• ASSIGNMENT: Below is a block of records: output all of them exactly and leave out the pictures.

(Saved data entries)
# # # # # # #

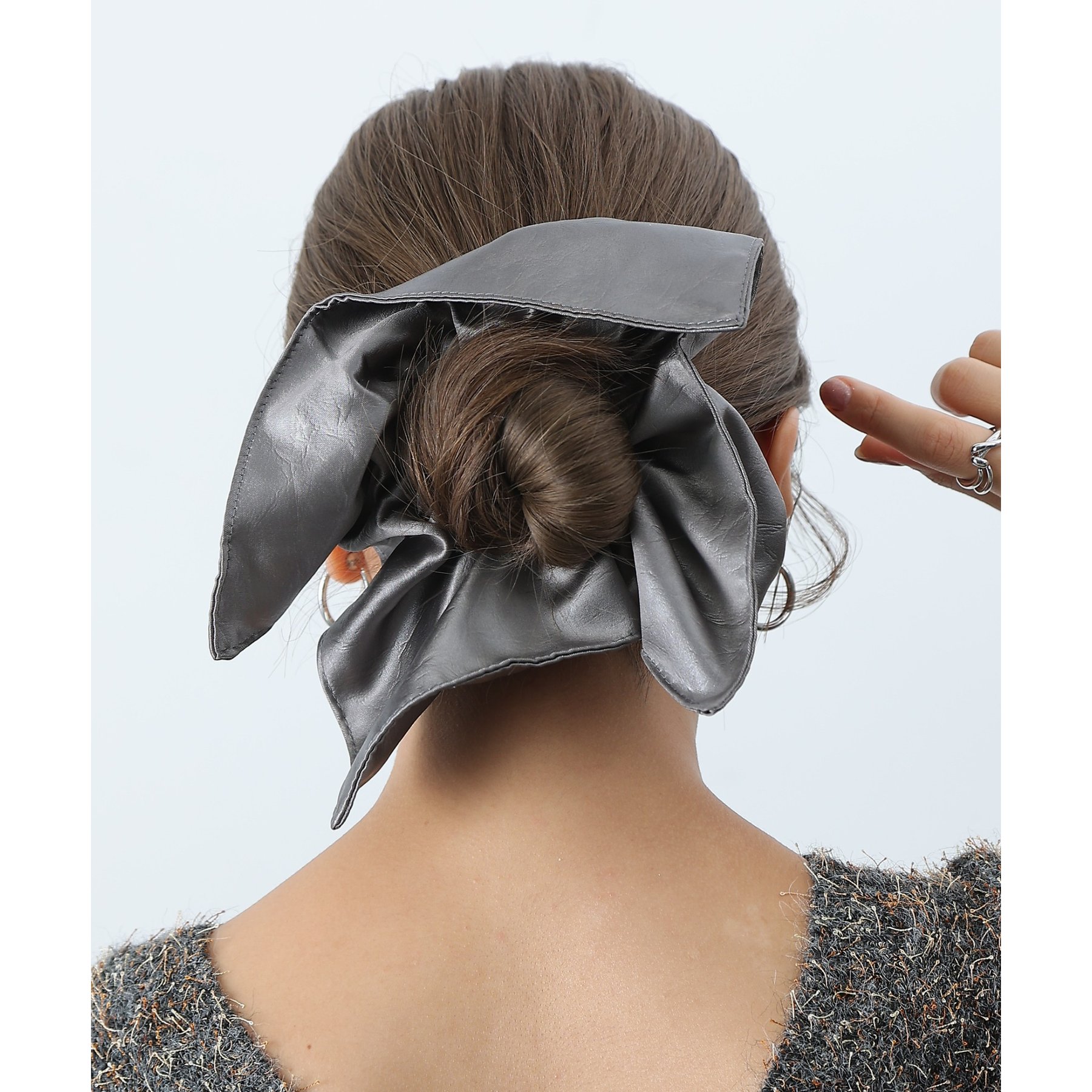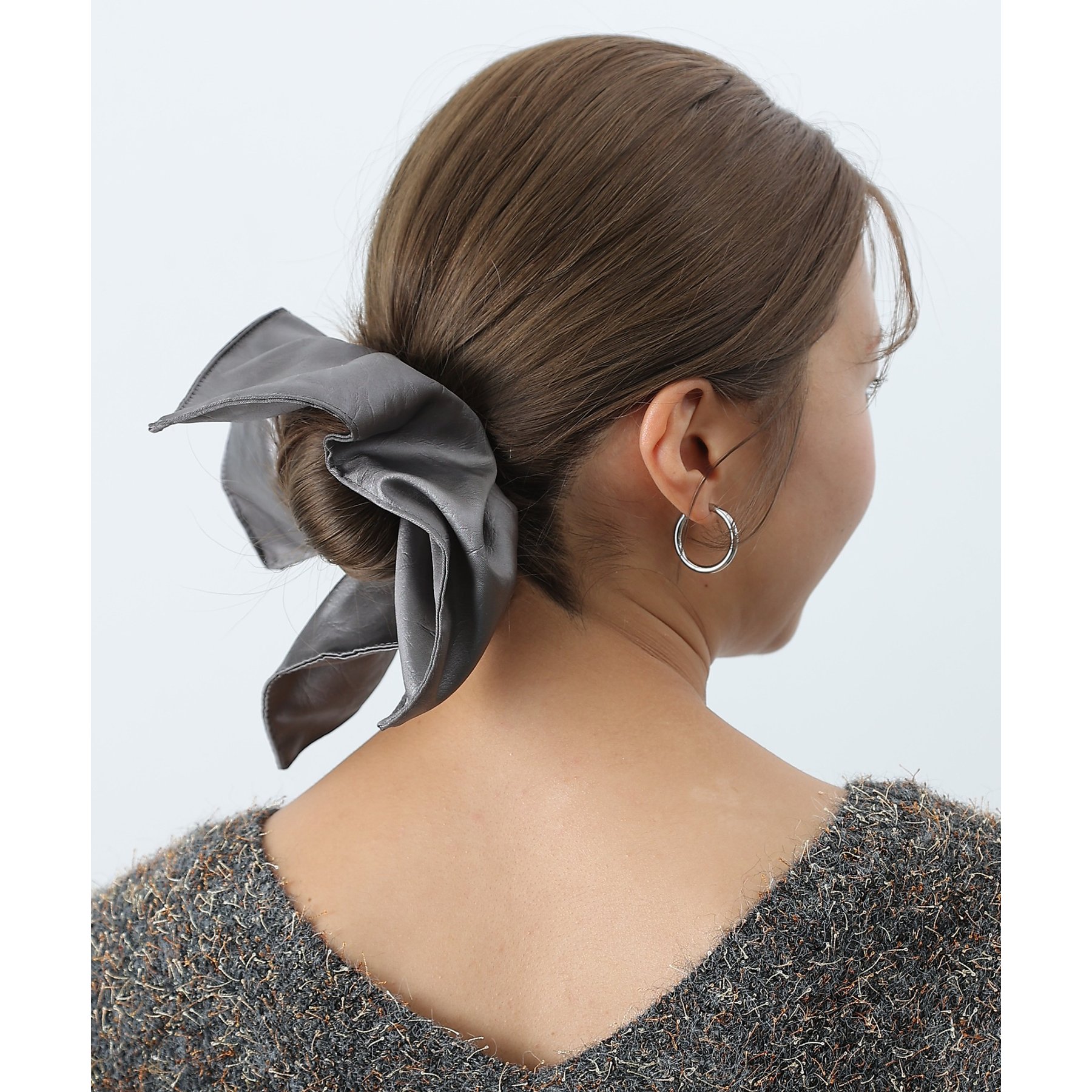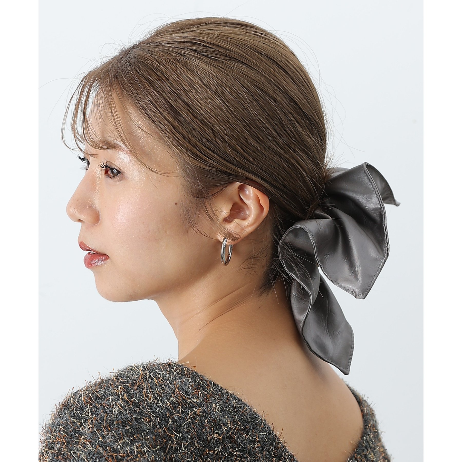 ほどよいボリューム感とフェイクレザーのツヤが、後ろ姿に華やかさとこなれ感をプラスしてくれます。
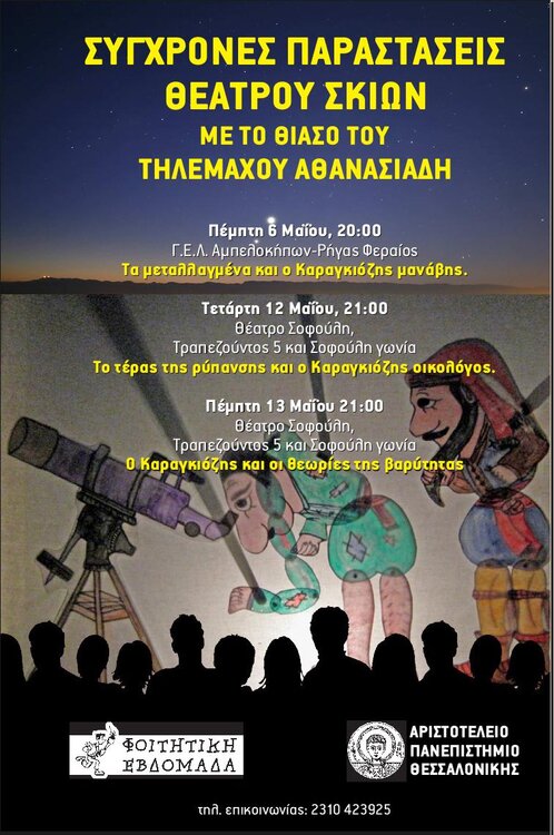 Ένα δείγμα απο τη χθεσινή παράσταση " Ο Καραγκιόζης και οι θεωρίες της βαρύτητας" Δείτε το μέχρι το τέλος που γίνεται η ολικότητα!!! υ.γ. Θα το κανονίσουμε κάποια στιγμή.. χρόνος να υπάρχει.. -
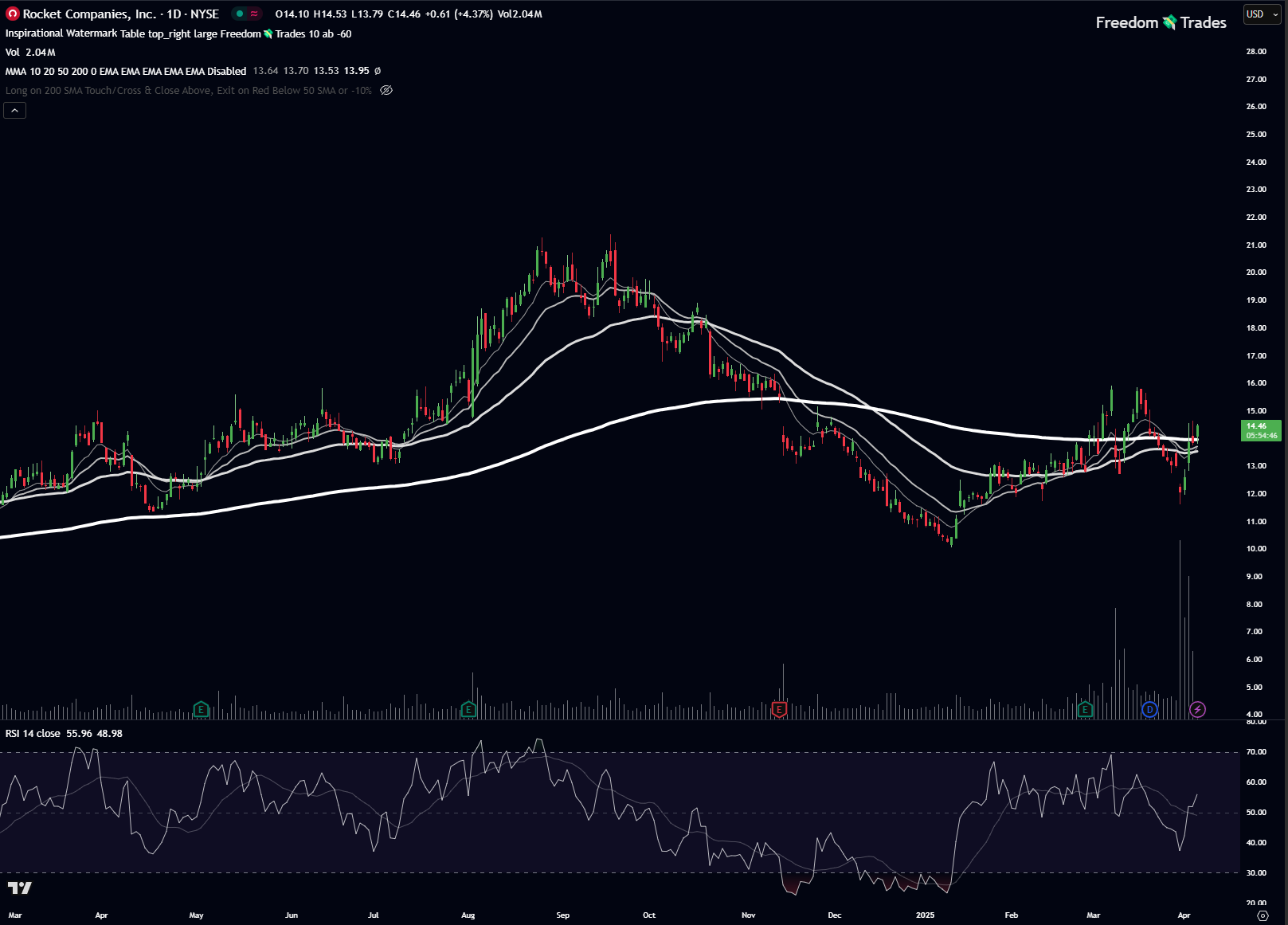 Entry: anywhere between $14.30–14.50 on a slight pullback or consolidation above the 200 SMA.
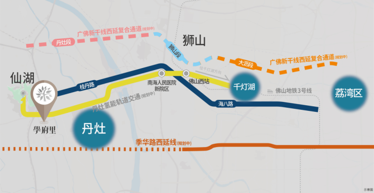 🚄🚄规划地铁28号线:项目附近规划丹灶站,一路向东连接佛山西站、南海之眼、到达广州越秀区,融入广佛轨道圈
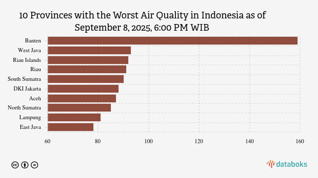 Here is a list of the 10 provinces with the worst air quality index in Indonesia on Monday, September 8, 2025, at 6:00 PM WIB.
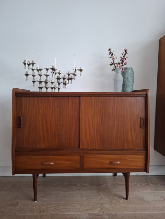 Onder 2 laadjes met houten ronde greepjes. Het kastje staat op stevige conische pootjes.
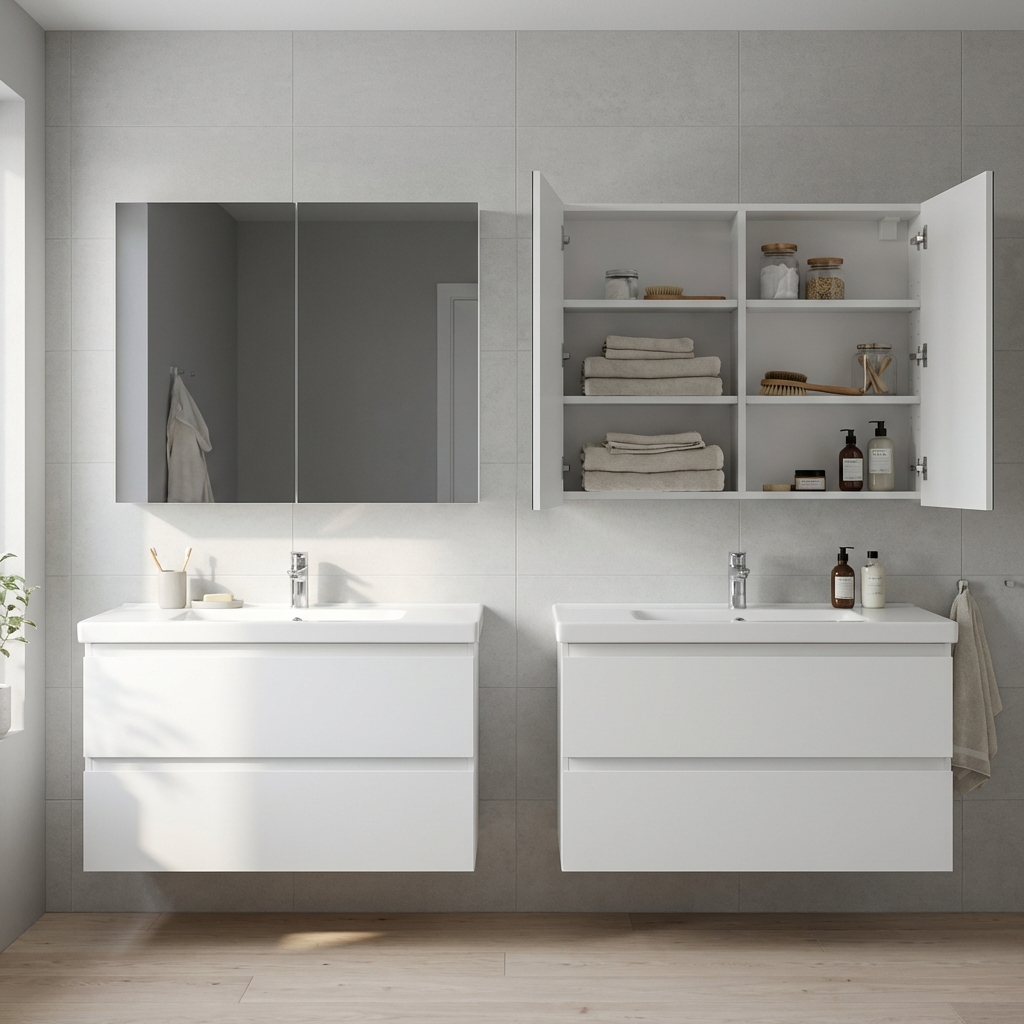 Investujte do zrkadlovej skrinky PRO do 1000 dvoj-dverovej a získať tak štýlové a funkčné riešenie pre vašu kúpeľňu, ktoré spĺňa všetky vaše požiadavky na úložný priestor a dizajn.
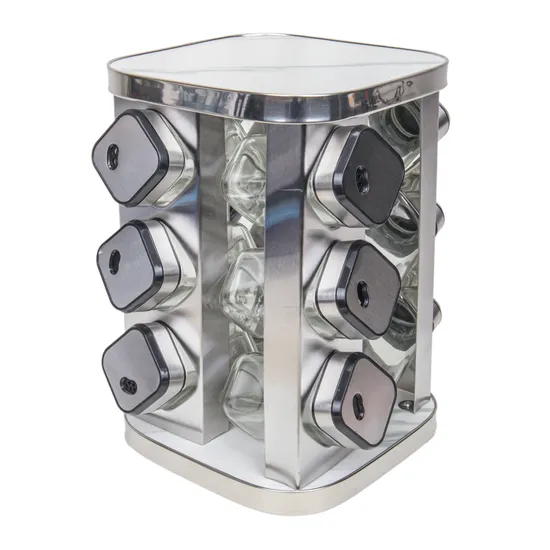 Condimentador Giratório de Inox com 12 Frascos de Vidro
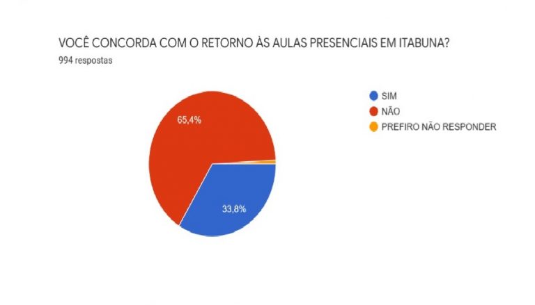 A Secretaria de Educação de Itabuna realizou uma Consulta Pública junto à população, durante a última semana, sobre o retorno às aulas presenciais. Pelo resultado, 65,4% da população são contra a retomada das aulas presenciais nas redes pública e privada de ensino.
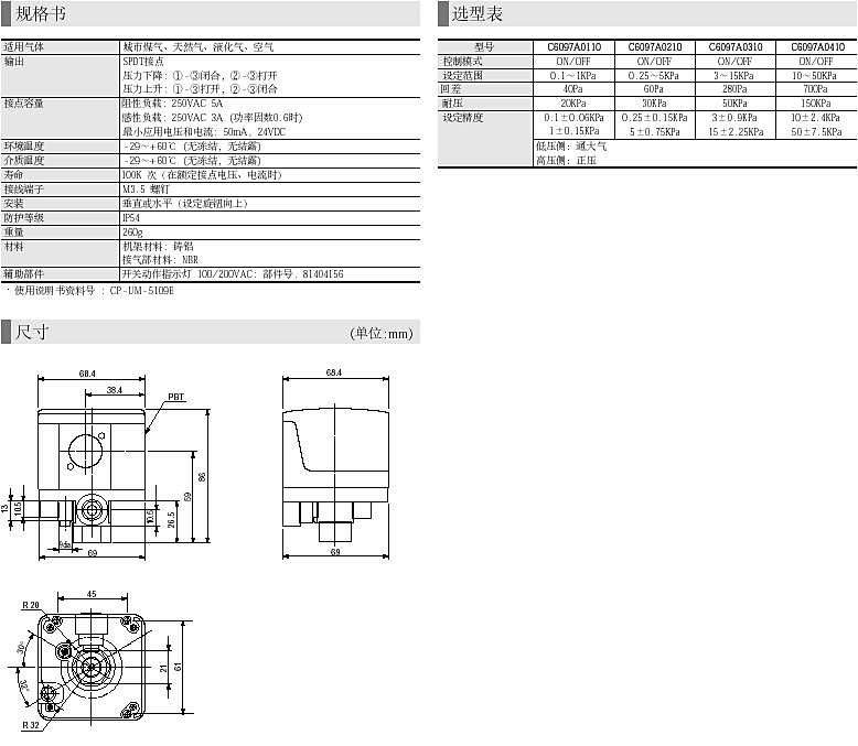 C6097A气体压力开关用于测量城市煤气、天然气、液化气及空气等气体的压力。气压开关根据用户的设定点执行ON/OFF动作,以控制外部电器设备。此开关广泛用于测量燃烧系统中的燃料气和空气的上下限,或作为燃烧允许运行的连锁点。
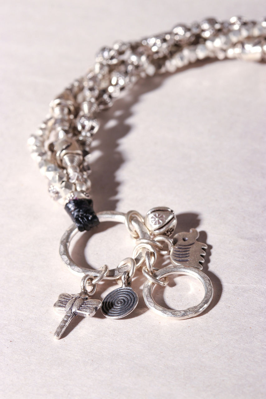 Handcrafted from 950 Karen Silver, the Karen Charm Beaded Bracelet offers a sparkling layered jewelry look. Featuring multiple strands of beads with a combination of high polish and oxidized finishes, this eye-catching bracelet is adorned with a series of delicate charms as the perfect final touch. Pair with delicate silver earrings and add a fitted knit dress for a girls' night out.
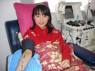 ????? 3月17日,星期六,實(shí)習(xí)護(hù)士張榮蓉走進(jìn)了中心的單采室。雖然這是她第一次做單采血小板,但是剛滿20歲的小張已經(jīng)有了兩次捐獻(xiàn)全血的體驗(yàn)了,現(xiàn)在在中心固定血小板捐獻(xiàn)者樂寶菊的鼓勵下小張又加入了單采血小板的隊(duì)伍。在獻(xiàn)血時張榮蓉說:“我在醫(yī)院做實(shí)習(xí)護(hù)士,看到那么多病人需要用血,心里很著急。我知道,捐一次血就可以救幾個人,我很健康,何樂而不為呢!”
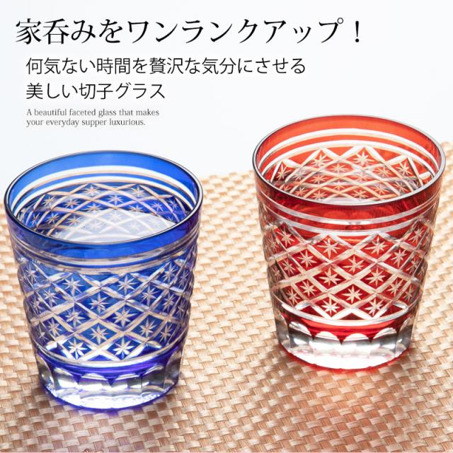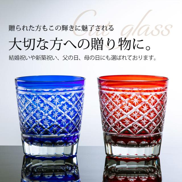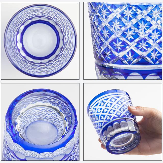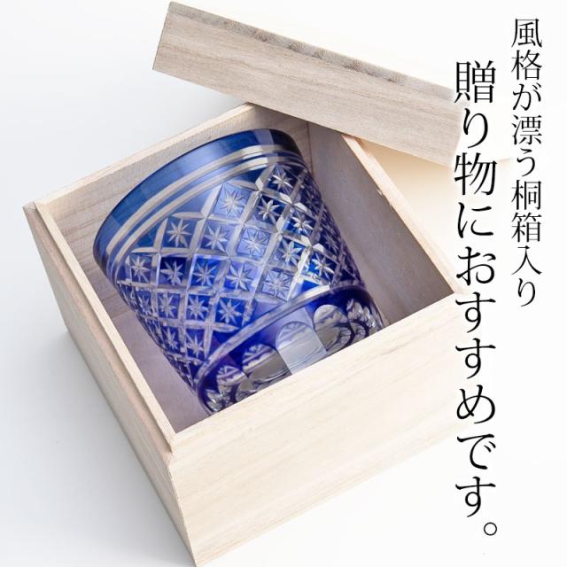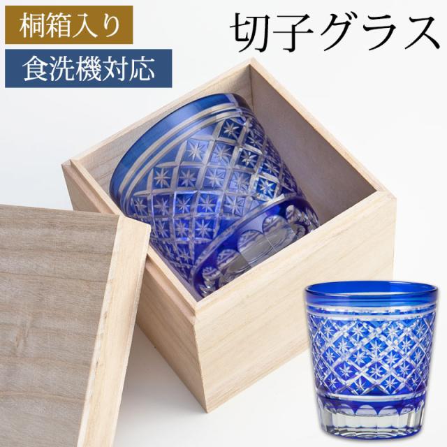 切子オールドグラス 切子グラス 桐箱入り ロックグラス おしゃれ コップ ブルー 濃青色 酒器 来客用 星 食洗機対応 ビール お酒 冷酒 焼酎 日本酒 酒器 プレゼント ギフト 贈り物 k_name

# # # # # # #

• ANSWER BOX:
 ほどよいボリューム感とフェイクレザーのツヤが、後ろ姿に華やかさとこなれ感をプラスしてくれます。
 Ένα δείγμα απο τη χθεσινή παράσταση " Ο Καραγκιόζης και οι θεωρίες της βαρύτητας" Δείτε το μέχρι το τέλος που γίνεται η ολικότητα!!! υ.γ. Θα το κανονίσουμε κάποια στιγμή.. χρόνος να υπάρχει.. -
 Entry: anywhere between $14.30–14.50 on a slight pullback or consolidation above the 200 SMA.
 🚄🚄规划地铁28号线:项目附近规划丹灶站,一路向东连接佛山西站、南海之眼、到达广州越秀区,融入广佛轨道圈
 Here is a list of the 10 provinces with the worst air quality index in Indonesia on Monday, September 8, 2025, at 6:00 PM WIB.
 Onder 2 laadjes met houten ronde greepjes. Het kastje staat op stevige conische pootjes.
 Investujte do zrkadlovej skrinky PRO do 1000 dvoj-dverovej a získať tak štýlové a funkčné riešenie pre vašu kúpeľňu, ktoré spĺňa všetky vaše požiadavky na úložný priestor a dizajn.
 Condimentador Giratório de Inox com 12 Frascos de Vidro
 A Secretaria de Educação de Itabuna realizou uma Consulta Pública junto à população, durante a última semana, sobre o retorno às aulas presenciais. Pelo resultado, 65,4% da população são contra a retomada das aulas presenciais nas redes pública e privada de ensino.
 C6097A气体压力开关用于测量城市煤气、天然气、液化气及空气等气体的压力。气压开关根据用户的设定点执行ON/OFF动作,以控制外部电器设备。此开关广泛用于测量燃烧系统中的燃料气和空气的上下限,或作为燃烧允许运行的连锁点。
 Handcrafted from 950 Karen Silver, the Karen Charm Beaded Bracelet offers a sparkling layered jewelry look. Featuring multiple strands of beads with a combination of high polish and oxidized finishes, this eye-catching bracelet is adorned with a series of delicate charms as the perfect final touch. Pair with delicate silver earrings and add a fitted knit dress for a girls' night out.
 ????? 3月17日,星期六,實(shí)習(xí)護(hù)士張榮蓉走進(jìn)了中心的單采室。雖然這是她第一次做單采血小板,但是剛滿20歲的小張已經(jīng)有了兩次捐獻(xiàn)全血的體驗(yàn)了,現(xiàn)在在中心固定血小板捐獻(xiàn)者樂寶菊的鼓勵下小張又加入了單采血小板的隊(duì)伍。在獻(xiàn)血時張榮蓉說:“我在醫(yī)院做實(shí)習(xí)護(hù)士,看到那么多病人需要用血,心里很著急。我知道,捐一次血就可以救幾個人,我很健康,何樂而不為呢!”
 切子オールドグラス 切子グラス 桐箱入り ロックグラス おしゃれ コップ ブルー 濃青色 酒器 来客用 星 食洗機対応 ビール お酒 冷酒 焼酎 日本酒 酒器 プレゼント ギフト 贈り物 k_name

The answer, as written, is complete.